+++ RECORDS FOR THE EXERCISE
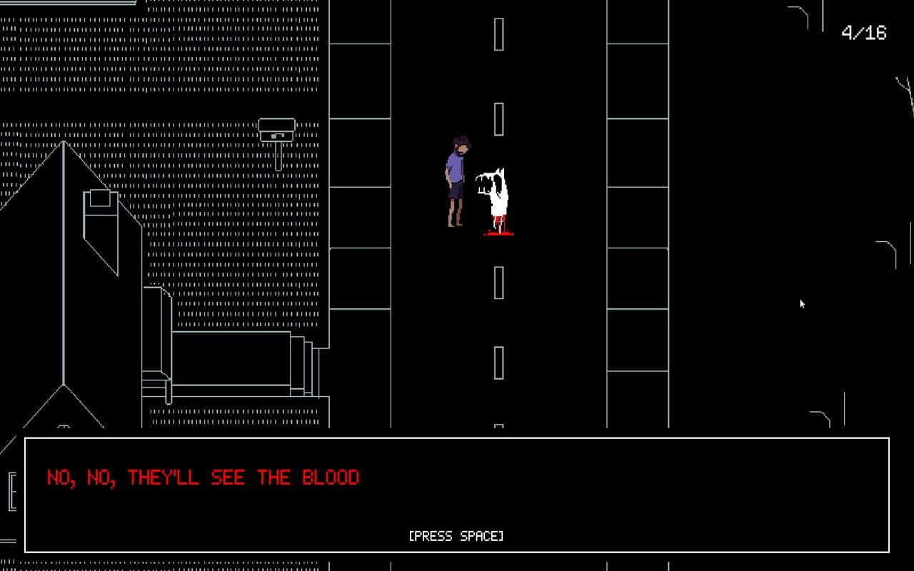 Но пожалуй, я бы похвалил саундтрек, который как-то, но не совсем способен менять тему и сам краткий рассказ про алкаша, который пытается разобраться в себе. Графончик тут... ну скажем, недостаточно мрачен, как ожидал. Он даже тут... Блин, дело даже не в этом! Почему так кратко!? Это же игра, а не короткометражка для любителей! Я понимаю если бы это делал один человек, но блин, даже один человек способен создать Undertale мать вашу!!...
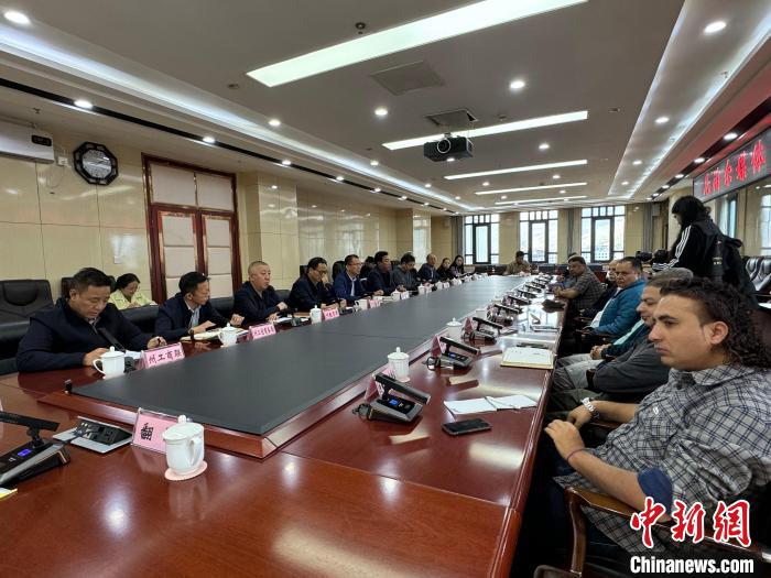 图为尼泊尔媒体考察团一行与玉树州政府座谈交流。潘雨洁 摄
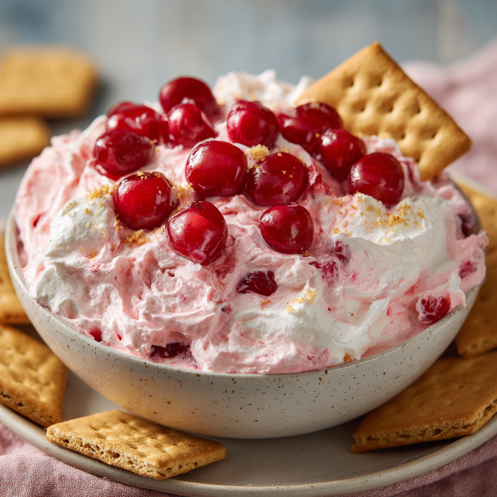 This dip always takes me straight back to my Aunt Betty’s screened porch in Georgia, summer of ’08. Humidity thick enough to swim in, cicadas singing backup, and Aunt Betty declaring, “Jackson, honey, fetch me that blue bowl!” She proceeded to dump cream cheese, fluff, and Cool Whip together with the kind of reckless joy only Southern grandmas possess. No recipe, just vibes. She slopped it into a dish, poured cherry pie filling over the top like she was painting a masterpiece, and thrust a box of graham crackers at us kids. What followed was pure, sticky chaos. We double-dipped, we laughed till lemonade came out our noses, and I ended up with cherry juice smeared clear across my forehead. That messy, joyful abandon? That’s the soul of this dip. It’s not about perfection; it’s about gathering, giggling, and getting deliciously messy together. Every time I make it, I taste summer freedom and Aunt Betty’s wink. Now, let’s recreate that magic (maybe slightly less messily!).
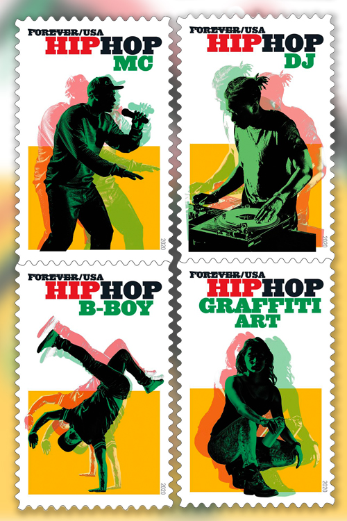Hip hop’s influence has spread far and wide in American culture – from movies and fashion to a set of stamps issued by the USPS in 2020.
++++++
+++ RECORDS FOR THE EXERCISE
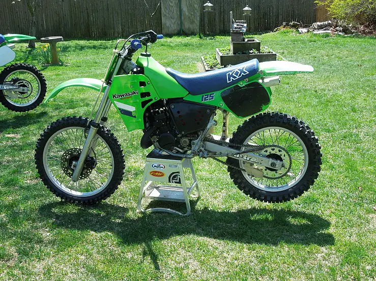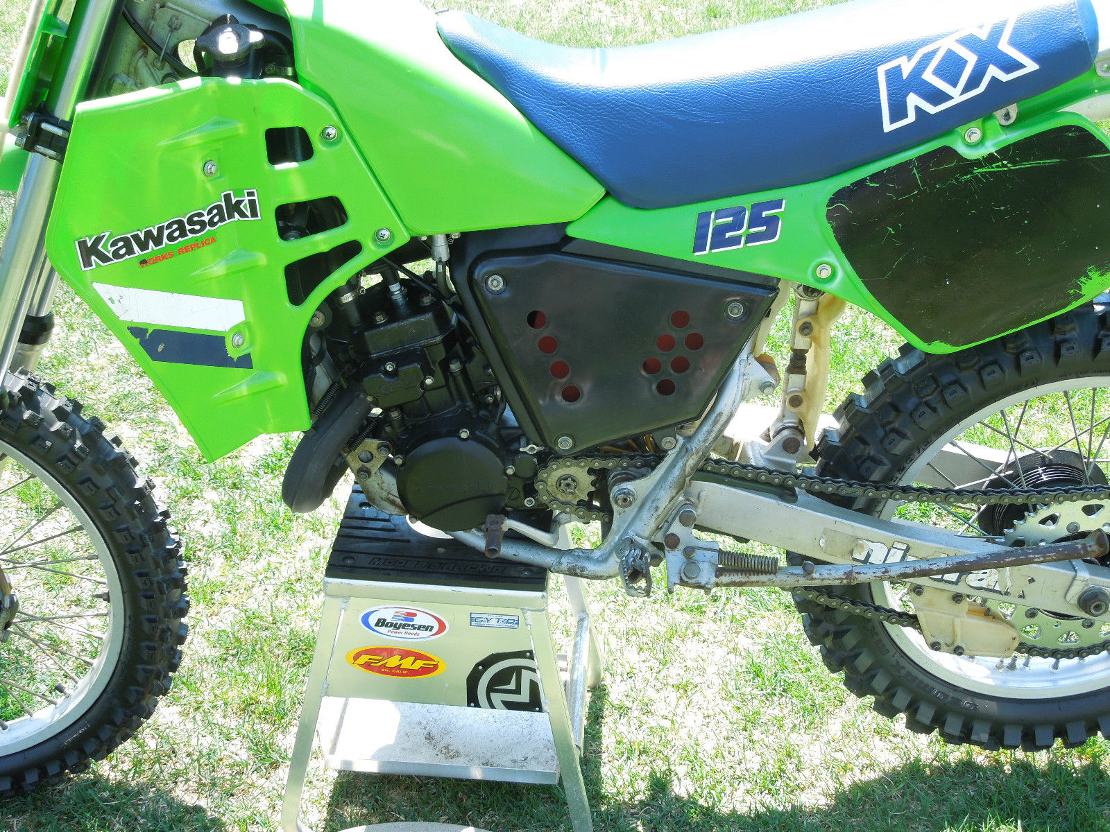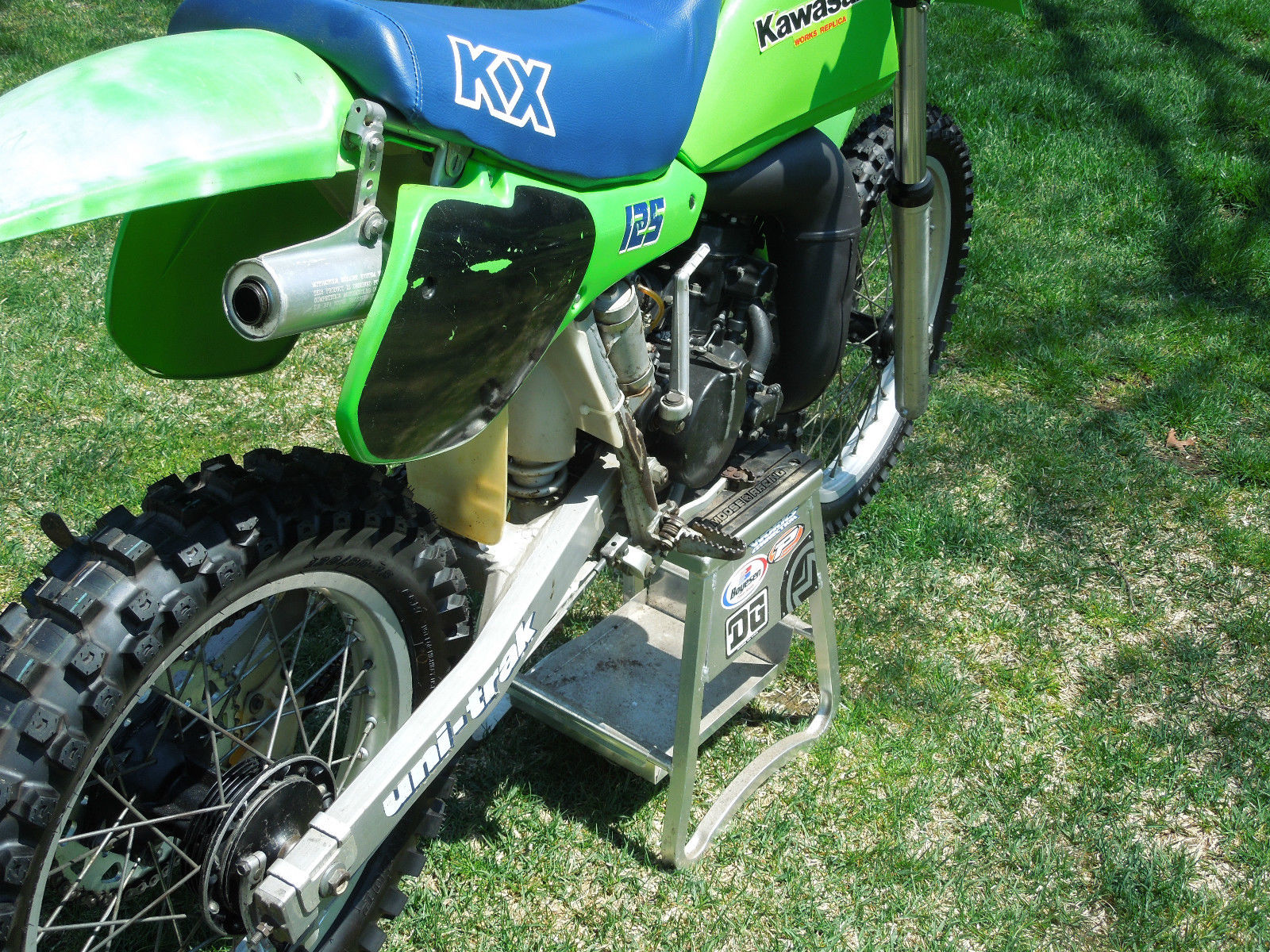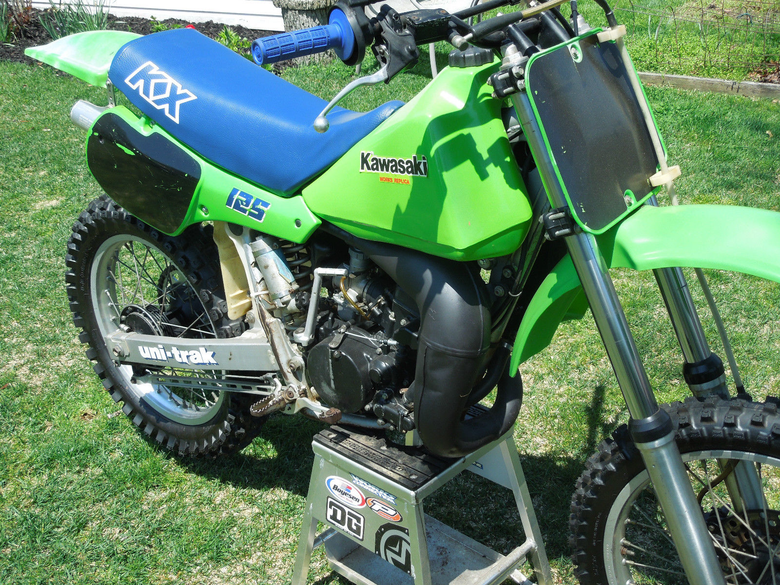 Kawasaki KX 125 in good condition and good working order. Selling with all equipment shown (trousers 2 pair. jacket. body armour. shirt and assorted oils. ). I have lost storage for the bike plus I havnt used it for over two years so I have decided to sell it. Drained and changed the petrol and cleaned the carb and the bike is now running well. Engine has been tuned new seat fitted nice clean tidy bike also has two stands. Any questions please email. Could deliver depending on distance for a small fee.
++++++
__WORK REQUIRED__. Lines wanted from the entries above: the one with "Но пожалуй, я", the one with "图为尼泊尔媒体考察团一行与玉树州政府座谈交流。潘雨洁 摄", and all lines between. Please copy them exactly, without the pictures and without anything else.

__RESPONSE AREA__.
 Но пожалуй, я бы похвалил саундтрек, который как-то, но не совсем способен менять тему и сам краткий рассказ про алкаша, который пытается разобраться в себе. Графончик тут... ну скажем, недостаточно мрачен, как ожидал. Он даже тут... Блин, дело даже не в этом! Почему так кратко!? Это же игра, а не короткометражка для любителей! Я понимаю если бы это делал один человек, но блин, даже один человек способен создать Undertale мать вашу!!...
 图为尼泊尔媒体考察团一行与玉树州政府座谈交流。潘雨洁 摄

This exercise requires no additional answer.